Strano daha önce hidrojen peroksit de dahil olmak üzere çeşitli molekülleri tespit edebilen karbon nanotüp sensörleri geliştirmişti. Yaklaşık üç yıl önce, Lew bu sensörleri bitki yapraklarına dahil etmeye çalışmak için çalışmaya başladı. Çalışmalar , Arabidopsis thaliana , genellikle bitki moleküler çalışmalar için kullanılan, bitkiler bir sinyal molekülü olarak hidrojen peroksit kullanılan olabileceği ileri sürülmüştür, ancak bunun tam rolü açık değildir.

Lew, sensörleri bitki yapraklarına dahil etmek için lipit değişim zarfı penetrasyonu (LEEP) adı verilen bir yöntem kullandı. Strano'nun laboratuvarının birkaç yıl önce geliştirdiği LEEP, bitki hücre zarlarına nüfuz edebilen nanopartiküllerin tasarımına izin verir. Lew karbon nanotüp sensörlerini gömmek için çalışırken, tesadüfi bir keşif yaptı.
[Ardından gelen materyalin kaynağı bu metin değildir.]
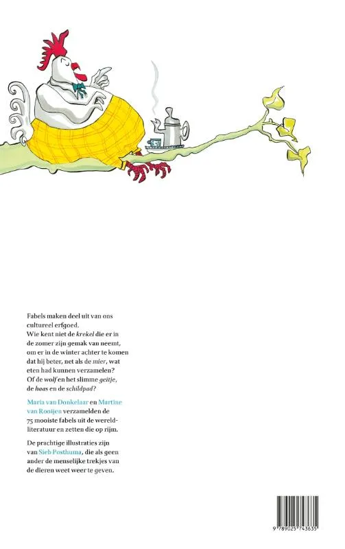 Bekroond met de Gouden Penseel 2009! Fabels maken deel uit van ons cultureel erfgoed. Wie kent niet het verhaal van de haas en de schildpad, of dat van de vos en de ooievaar? Maria van Donkelaar en Martine van Rooijen (bekend van de bundels ‘Het hele jaar rond’, ‘Vuurvliegjes, tovervisjes en schatgravers’ en ‘Niet verder vertellen’) verzamelden de 75 mooiste fabels uit de wereldliteratuur en zetten die op rijm. De prachtige illustraties zijn van de hand van Sieb Posthuma, die op sublieme, humoristische wijze de menselijke trekjes van de dieren weet weer te geven. Het resultaat is een prachtig voorleesboek voor thuis en in de groep.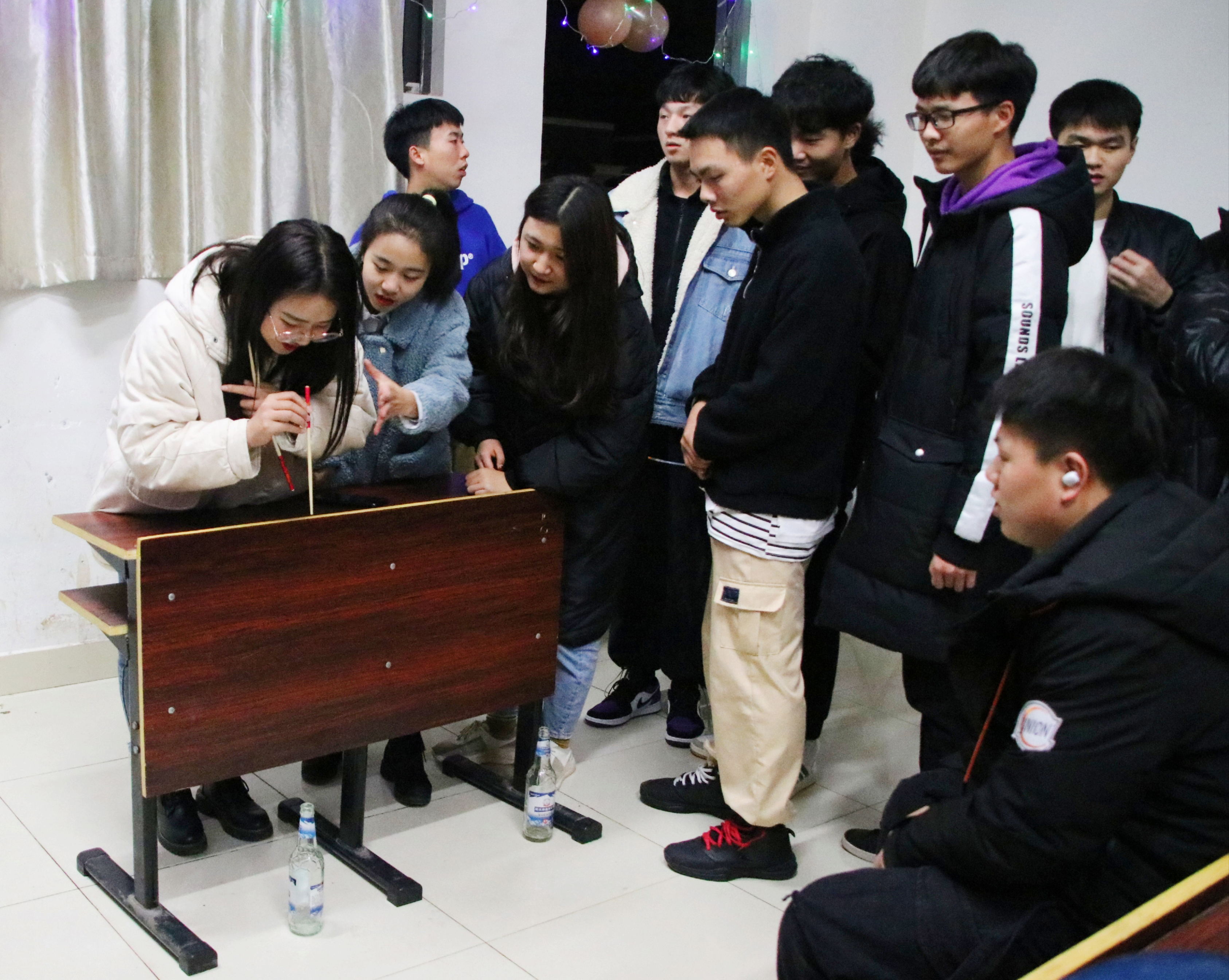 霓虹灯如同闪烁的星辰,忽明忽暗地照亮着夜里的教学楼;或婉转或激昂的歌声在教室里飘扬着,连同呐喊声、欢呼声一同汇聚成了一片欢乐的海洋。“憋笑挑战”“珠行万里”“疯狂保龄球”——游园会设置的趣味游戏项目很快就吸引了大批“身怀绝技”的参与者。“昨天我吃了一碗饭、 两个鸡蛋”“昨天我吃了一碗饭、两个鸡蛋、三块牛肉”……“越吃越多”项目要求挑战者必须记住前者所说的所有食物,为了让对手卡顿失败,选手们不惜牺牲个人形象,纷纷化身为“超级大胃王”,与对手进行激烈比拼。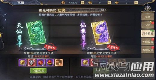 通过少量元宝购买月卡,即可每日领取大量绑定元宝,实现多倍资源回馈,是开服阶段的推荐选择。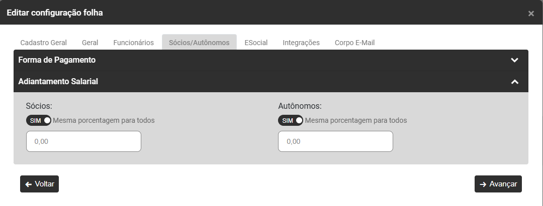- Se o Percentual de Adiantamento Salarial for igual para todos os Sócios e Autônomos, selecione a opção Utilizar esta porcentagem para todos os Sócios e Autônomos e em seguida informe o percentual do Adiantamento Salarial, caso o percentual não seja igual para todos os Sócios e Autônomos, você deverá colocar a informação no Contrato de Trabalho de cada sócio ou autônomo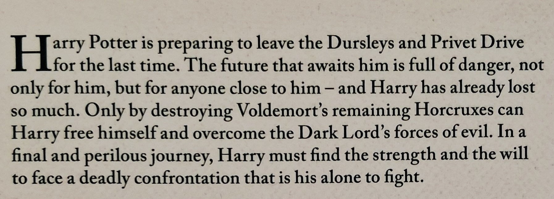 As he climbs into the sidecar of Hagrid's motorbike and takes to the skies, leaving Privet Drive for the last time, Harry Potter knows that Lord Voldemort and the Death Eaters are not far behind. The protective charm that has kept him safe until now is now broken, but he cannot keep hiding. The Dark Lord is breathing fear into everything Harry loves, and to stop him Harry will have to find and destroy the remaining Horcruxes. The final battle must begin; Harry must stand and face his enemy . . .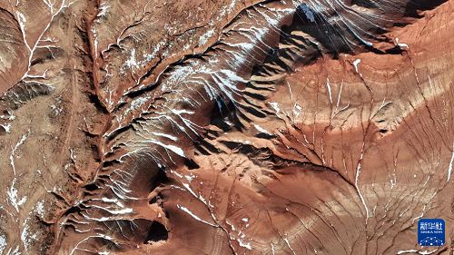 這是1月29日在內(nèi)蒙古烏蘭察布市四子王旗拍攝的紅崖臺地景觀(無人機(jī)照片)。(新華社記者 貝赫 攝)
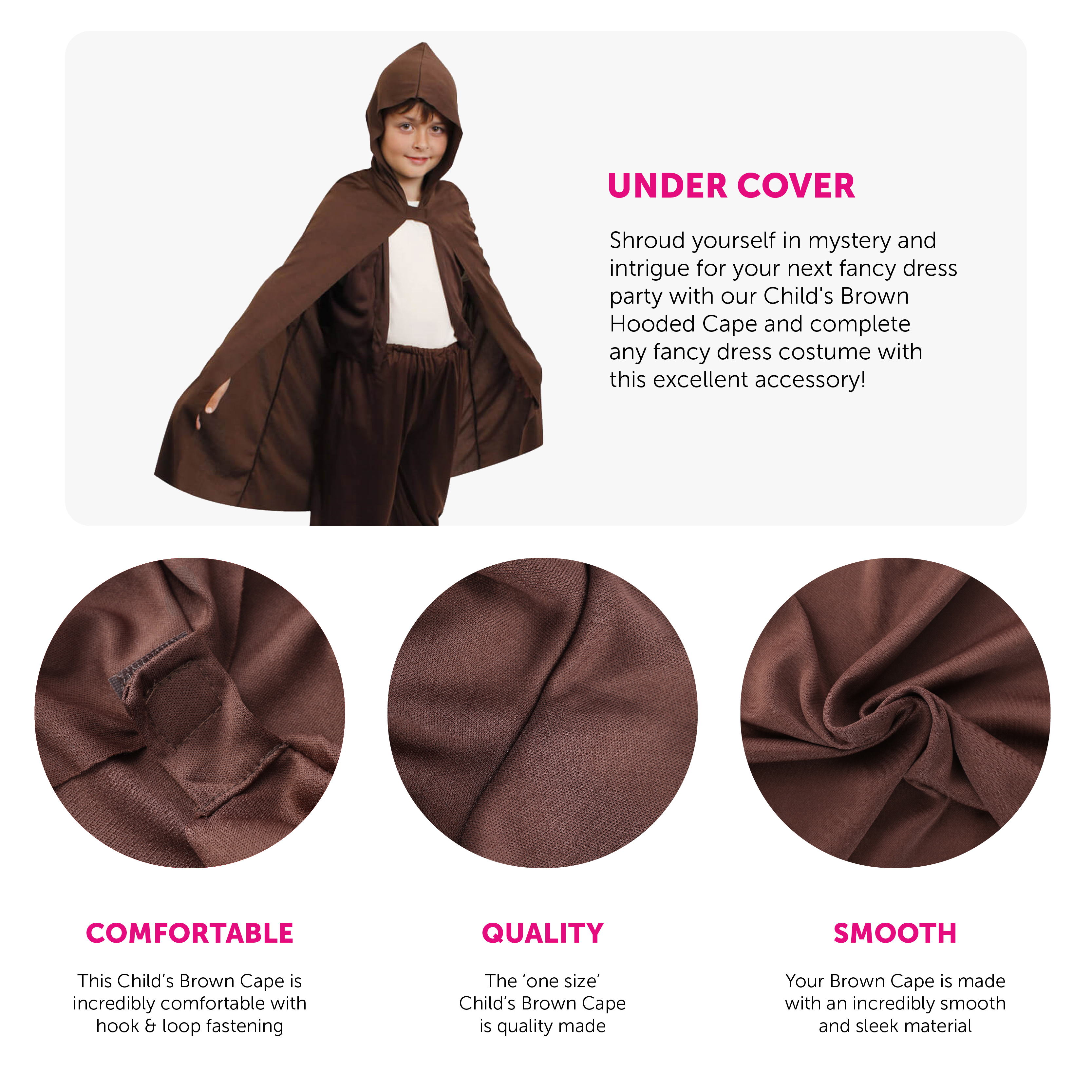 CHILD'S BROWN CAPE: Shroud yourself in mystery and intrigue for your next fancy dress party with our Child's Brown Hooded Cape and complete any fancy dress costume with this excellent accessory!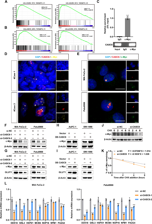 GSEA分析显示 CASC8与 c-Myc存在显著相关性(图 6 A)。RNA 测序进一步证实了这一结果(图 6 B)。c-Myc在调节细胞过程中起着关键作用。RIP和共定位结果验证了CASC8 与 c-Myc 蛋白的相互作用,激活下游效应分子发挥功能。(图 6 C-E)。CASC8 敲低后 c-Myc显著降低,而 CASC8 过表达导致 c-Myc升高(图 6 F-I)。为了研究蛋白质稳定性,用环己酰亚胺 (CHX) 处理以抑制蛋白质合成。与对照组相比,CASC8 敲低细胞中 c-Myc 的降解率显著增加(图 6 J-K)。此外,敲低 CASC8 显著降低了下游 c-Myc 靶基因的 mRNA 水平(图 6 L)。总之,这些发现表明 CASC8 可能与 c-Myc 蛋白结合,促进其稳定性,从而激活下游效应分子。
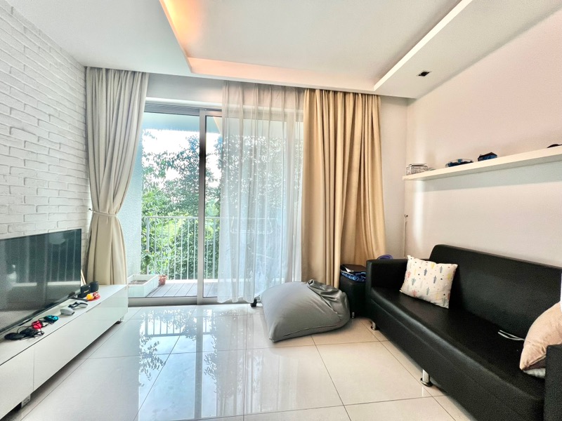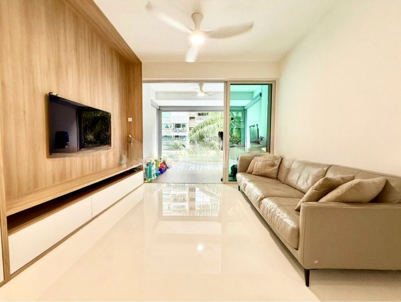 Step into a world of modern elegance as you enter this beautifully renovated unit at Caspian. The abundant natural light floods the open living space, highlighting the polished floor tiles and the custom wood-paneled TV feature wall. Enjoy serene views of the pool and lush greenery from your balcony study nook, creating a tranquil ambiance that invites relaxation.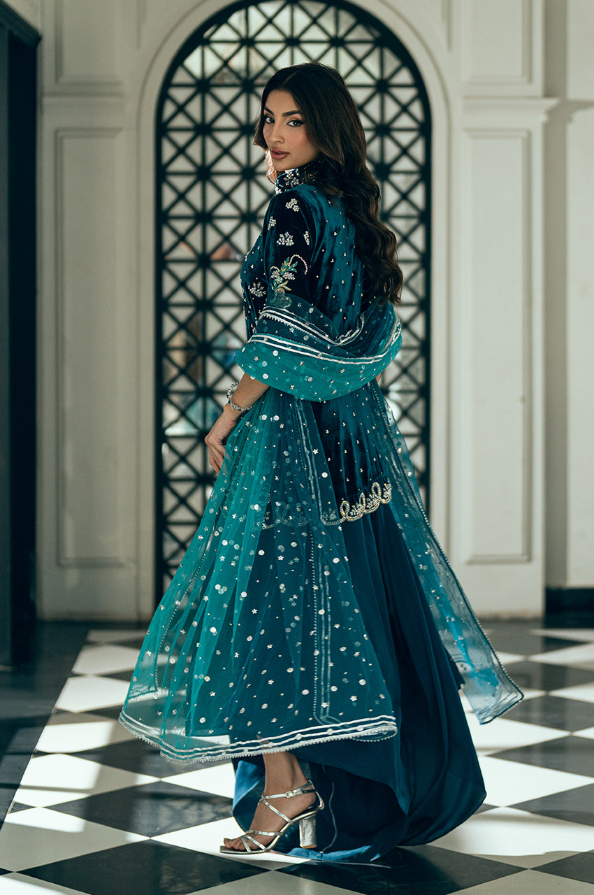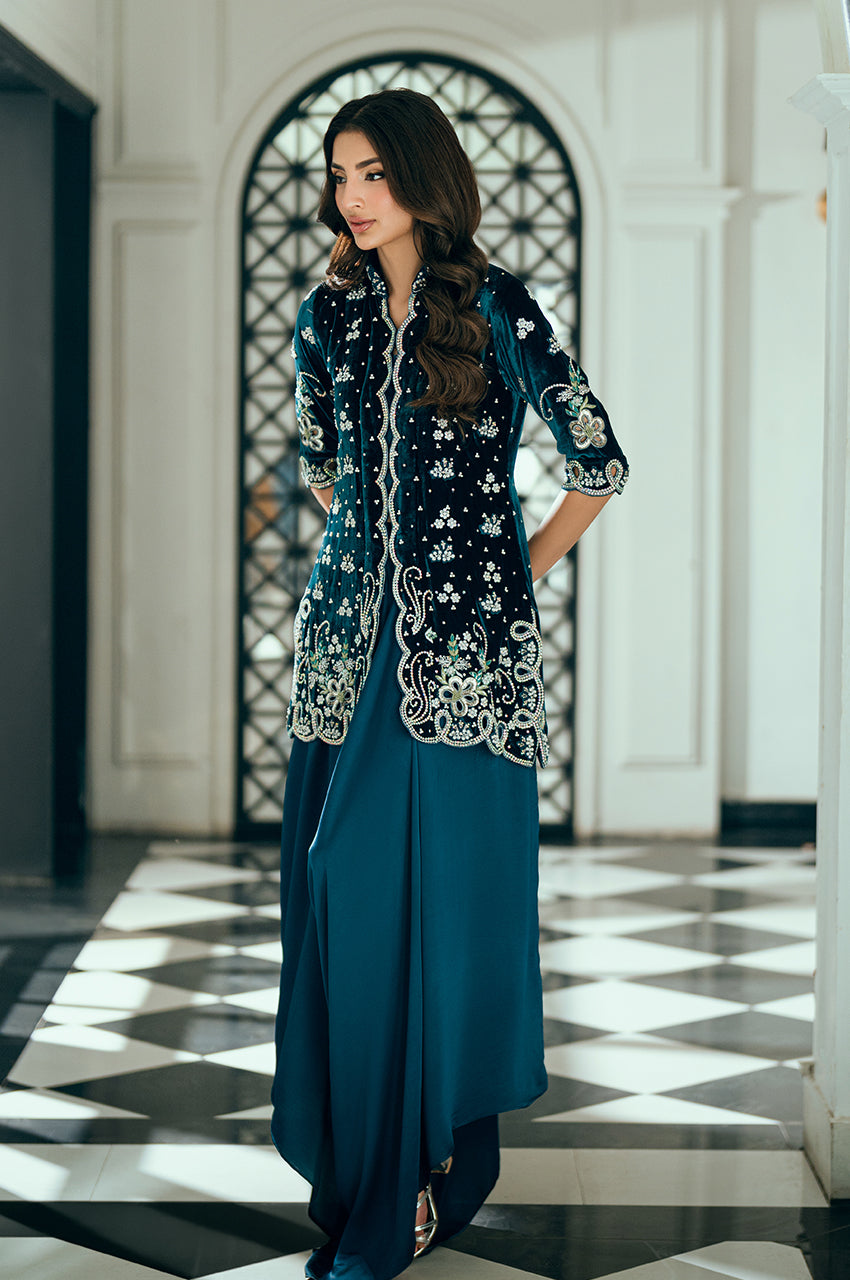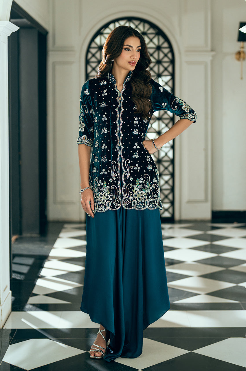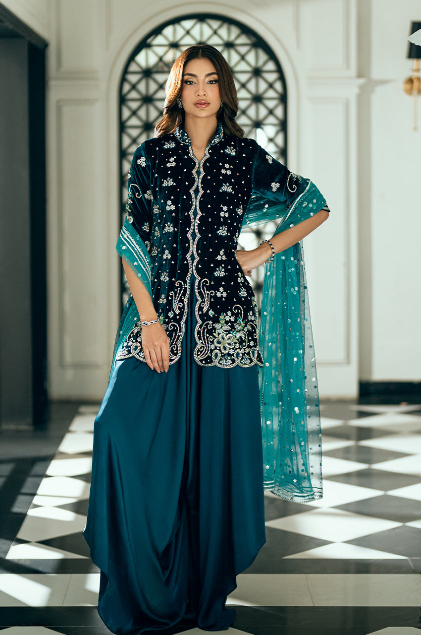 Step into timeless elegance with our Navy Blue Front-Open Velvet Shirt, a perfect fusion of regal craftsmanship and modern charm. The plush velvet base exudes sophistication, while intricate cutwork detailing and delicate kamdani embellishments catch the light with every movement. Adorned with exquisite kacha resham embroidery and 3D floral accents scattered gracefully across the shirt, this ensemble is a true statement of luxury.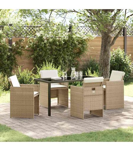 vidaXL Tuin Eetset met kussen 5 pcs Beige Poly riet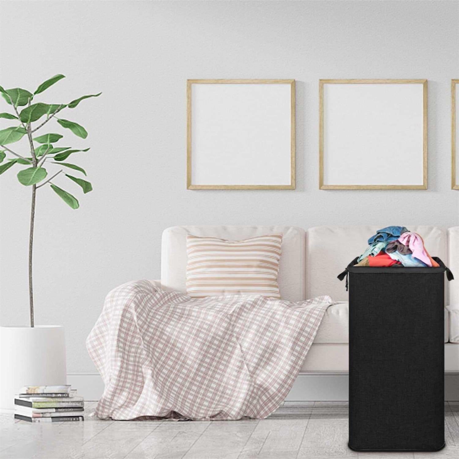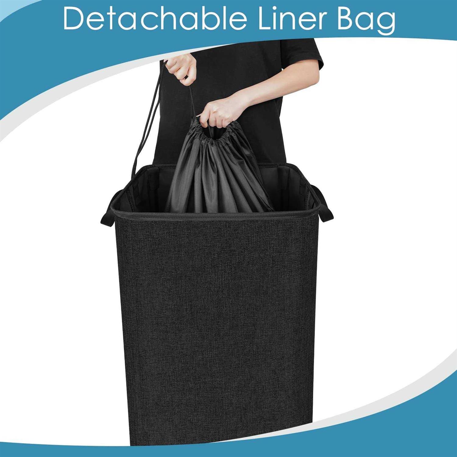 Removable liner bag Removable liner bag Heavy-duty imitation linen fabric 100L extra large capacity holds 3 loads clothing Freestanding even though it’s empty Foldable for space saving 100L EXTRA LARGE CAPACITY: The laundry hamper measures 14.9″L 13.8″W 30.9″H with a 100L large capacity, which stores clothes for a week or even a family, toys, towels, blankets, plush toys, sheets, etc., saves you from the mass of laundry work! The laundry hamper is large enough to accommodate 3 loads of dirty laundry, which are extremely useful and offer endless storage possibilities. FREESTANDING STRUCTURE: This laundry basket is 30.9″ tall heavy-duty imitation linen fabric, easy to assemble, and has 4 strong fiber rods and a metal-wired frame to support the sturdy structure. The laundry basket will maintain its shape without collapsing, and stands up well even if it’s empty. Large laundry baskets are the best gift for families, mothers, fathers, sons, daughters, friends, college students, etc. FOLDABLE FOR SPACE SAVING: It only takes 10 seconds to remove the support rods. The laundry basket can be folded up for space-saving storage when not in use, compacted into a small shape of size 15.75″L*13.39″W *2.17″H. The collapsible laundry bin folds up easily for compact storage, are perfect for gifting on Father and Mother’s Day, Valentine’s Day, Thanksgiving, Christmas, etc. REMOVABLE LINER BAG & DURABLE HANDLE: The storage basket comes with an extra washable liner bag, and the inner drawstring can be tightened to protect clothes from falling. The laundry hamper features 2 forced durable nylon handles. The handle is tightly stitched and durable to carry, even heavy loads no tearing, suitable for the elderly, and pregnant women to easily carry contents up and down stairs or in a laundromat. MULTIFUNCTION STORAGE BASKET: Large capacity laundry basket can store a lot of clothes or toys, very perfect for closet, corner, bedroom, bathroom, laundry room, apartment, or dormitory. Very suitable for family use, housewives, the elderly,and college students. NOTE: Simply use a wet cloth to wipe off the dirt or rinse off dirt under cold water. Do not clean in washing machine and dryer. ——Looking for an organizer for your home? ——This 100L black laundry hamper solves all your problems. Wide opening at the laundry basket top and sturdy wire frame sewn into the top edges is suitable for any clothes, coats, pants, shoes, bath towels, sheets, bedding, tools, sports equipment, which is a humanize constructed clothes organizer. This extra large storage basket comes with a removable liner bag, double storage space saves you extra cost and saves more space for your small house. Foldable laundry hamper is very easy to carry around and store. The cotton linen fabric is easy to clean, just wipe it with a damp cloth to clean it up. It fits well into a corner of a closet, bathroom, bedroom, living room, laundry room, or other small narrow space. Easy to assemble, only needs 10 seconds to assemble or fold, so it is also suitable for camping and traveling. 30.9 inches durable storage bin comes with sturdy support rods, is made from this thick cotton and linen material is different from other laundry baskets. It can better maintain the shape of the laundry hamper and make it stands straighter even the hamper is empty. The durable handle prevents the basket from tearing due to heavy loads. Whether you need to hold your clothes with our compact hamper, it can all help you solve it. If you are tired of the mess in your home, please don’t hesitate, just organize your home with our multi-function bedroom storage basket now.
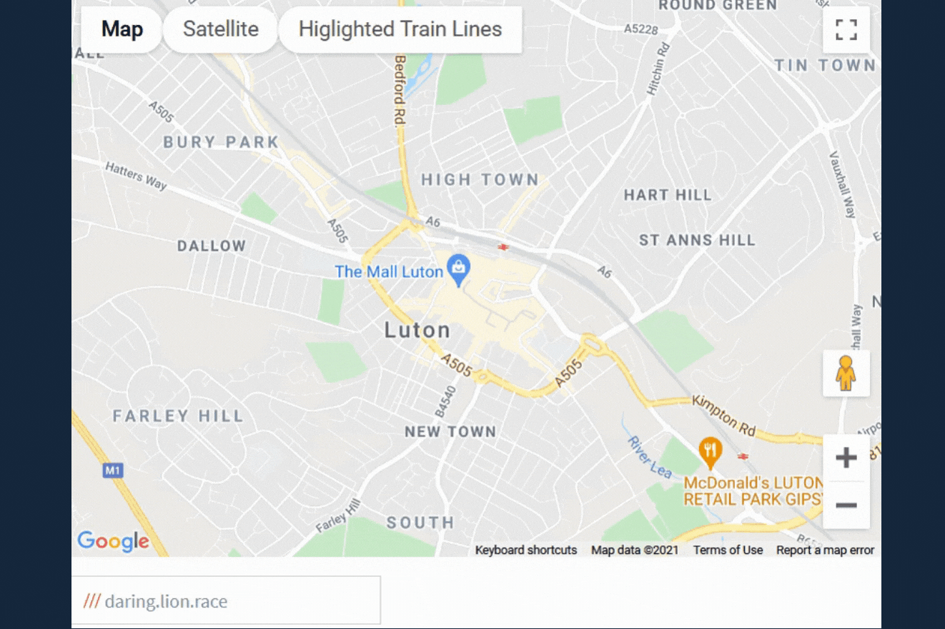 The user can enter a what3words phrase into the what3word search box, which will lead to the location information being called from the Google Maps and what3words APIs. The Google Maps interface will centre on the location linked to the what3words phrase, to provide assurance to the user that the location matches the entered what3words phrase.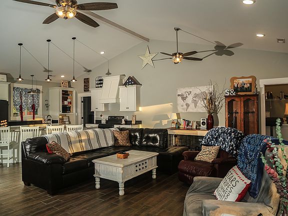 This spacious 2020 custom build features a modern farmhouse design. As you enter the driveway this beauty is sitting on 1 acre of privacy that says, “YOU ARE HOME.” Enjoy this lovely home offering 1589 sq ft of spacious living. Dinner nights allow conversation with friends and family along the 10.5 ft granite island with an open concept. The craftsman décor is stunning including stainless appliances, shaker style cabinets, barndoor, and lots of natural light. The vaulted living room ceiling provides this home with a grand entrance. The flooring throughout is porcelain tile. This home boasts of large bedrooms. The primary bedroom has access to the laundry, closet and primary bath for ease. The additional 2 bedrooms are located on the opposite side along with a nice full.bath offering granite vanities. Enjoy evenings on the covered front or back porch offering a peaceful view. The large, attached garage measuring 32x24 has a floored attic.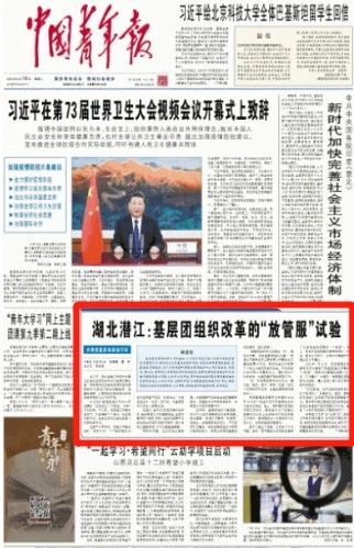5月19日,潜江共青团基层组织改革作为全国共青团改革开栏之篇在中国青年报头版报道,该报道重该报道重点讲述了潜江共青团基层组织改革团内的“放管服”试验,而市委的坚强领导是改革的根本保证.为给潜江共青团改革创造良好的环境,市委加强顶层设计整体谋划,打造了党的全面领导下关心支持共青团改革的“放管服”经验样板。

“Tekniğe alışmak için kendimi eğitiyordum ve eğitim sürecinde tesise yanlışlıkla bir yara verdim. Sonra hidrojen peroksit sinyalinin bu evrimini gördüm ”diyor.

Bir yaprak yaralandıktan sonra, hidrojen peroksitin yara bölgesinden salındığını ve nöronların beynimizdeki elektriksel uyarıları iletme şekline benzer şekilde yaprak boyunca yayılan bir dalga ürettiğini gördü. Bir bitki hücresi hidrojen peroksiti serbest bıraktığında, bitişik hücreler içinde kalsiyum salınımını tetikler ve bu hücreleri daha fazla hidrojen peroksit salmaya teşvik eder.

“Art arda düşen dominos gibi, bu da tek başına hidrojen peroksit pufundan çok daha fazla yayılabilen bir dalga yapar” diyor Strano. “Dalganın kendisi onu alan ve yayan hücreler tarafından güçlendiriliyor.”

Bu hidrojen peroksit seli, bitki hücrelerini, hasarı onarmalarına yardımcı olan flavonoidler veya karotenoidler gibi ikincil metabolitler adı verilen moleküller üretmeye teşvik eder. Bazı bitkiler ayrıca avcıları savuşturmak için salgılanabilen diğer ikincil metabolitleri üretir. Bu metabolitler genellikle yenilebilir bitkilerimizde arzu ettiğimiz gıda aromalarının kaynağıdır ve sadece stres altında üretilirler. 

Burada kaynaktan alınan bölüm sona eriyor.